4th of July was the perfect day, complete with an outdoor pancake breakfast, a parade, margarita snowcones and lots of enjoying life.
We even got a mini-parade in preview, as the parade horses came by our house on the way.
(No, I don’t know why I didn’t get a better picture than this.)
Here’s the beginning of the parade itself, which consisted of ten different emergency vehicles, all very shiny. Sometimes I think our rural area parades serve that purpose, to show off our protective equipment. Not unlike having the army march past, I suppose. All those shiny trucks allow us to have homeowner’s insurance and therefore mortgages and therefore homes to live in out here.
All hail the mighty firetruck! Honk! Honk!
My cousin emailed me yesterday with an interesting question about my blog.
(Hi Janie! I will write you back, as well.)
She said:
Can you teach me something please. Why would one sign into a blog? Why do you have members?
I thought it was worth answering here, because lots of people ask this question, actually. First off, if you don’t know what she means, if you look on the right hand side, there’s a list of my “Followers.” In truth, those fine people follow the blog, not me. Though the idea of a little tribe of followers is appealing. Like that movie (no, I don’t remember which one) where the guy hired the band to follow him around and play his theme music.
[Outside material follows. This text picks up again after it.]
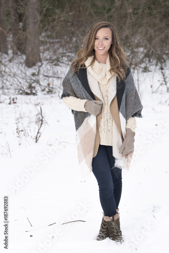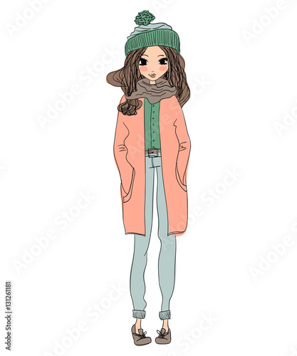 Fashionable Teenage Girl Wearing Cap And Muffler Coat In Studio

The first answer is, no, you don’t have to sign in. You don’t have to “follow.” Some bloggers get het up to get people to sign up as followers. They run contests – “all you have to do is follow this blog and comment on this post” – or send messages out on twitter, etc., saying “follow my blog!”
I don’t do this.
I love to see new followers, but I find trolling for them kind of distasteful. I believe you all should be free to come and go as you wish. I’m putting this out there. You owe me nothing.
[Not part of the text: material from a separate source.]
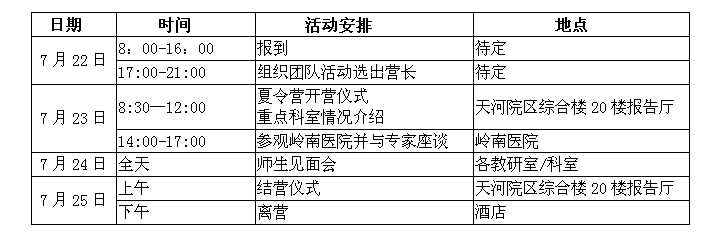 为促进国内有志于在医学领域奋斗的优秀大学生的学习和交流, 增进优秀青年学生对我院学科及研究生教育状况的了解,协助同学了解中山大学附属第三医院研究生推荐免试等相关事宜,中山大学附属第三医院将于2019年7月22日-7月25日举办“相约广州·走进中山三院” 2019年优秀大学生夏令营活动,并从中选拔优秀学生给予继续深造的机会。欢迎各位学子积极参加。

The reason people want followers is to demonstrate a “platform.” Theoretically at some point you could show an agent or editor that you have umpty-billion followers and they’d extrapolate that all those people will buy your book. Never mind that you bribed them all to sign up in the first place.
There are two main reasons one would sign on to follow a blog: to show support and for ease of reading.
I follow blogs I like to let the person know that they have my support. Among bloggers, this is common courtesy and people will usually reciprocate follows, though it’s far from required.
The other big reason for me is ease of reading. Because I have a Blogger account, I have what they call a dashboard. It pops up and shows me who has posted recently on the blogs I follow. This is a wonderful feature for me. Any of you can set up a blogspot account (www.blogger.com) and use the dashboard. You wouldn’t have to create a blog to do it. There are other programs that do this, too, (Google Chrome, maybe?), but I’m not familiar with them. This saves you clicking through all the blogs you like to see if someone has posted recently.
And I do kind of know that you lurkers are out there. I have a counter that follows metrics of visitors to the blog. I can see which days see a lot of visits. It’s easy to get obsessed with the metrics, though, so I don’t look often.
A lot of you comment to me – on Facebook, Twitter, blog comments, via email or in person. All of those conversations mean a great deal to me.
Once I figure out my theme music, I’ll hold auditions.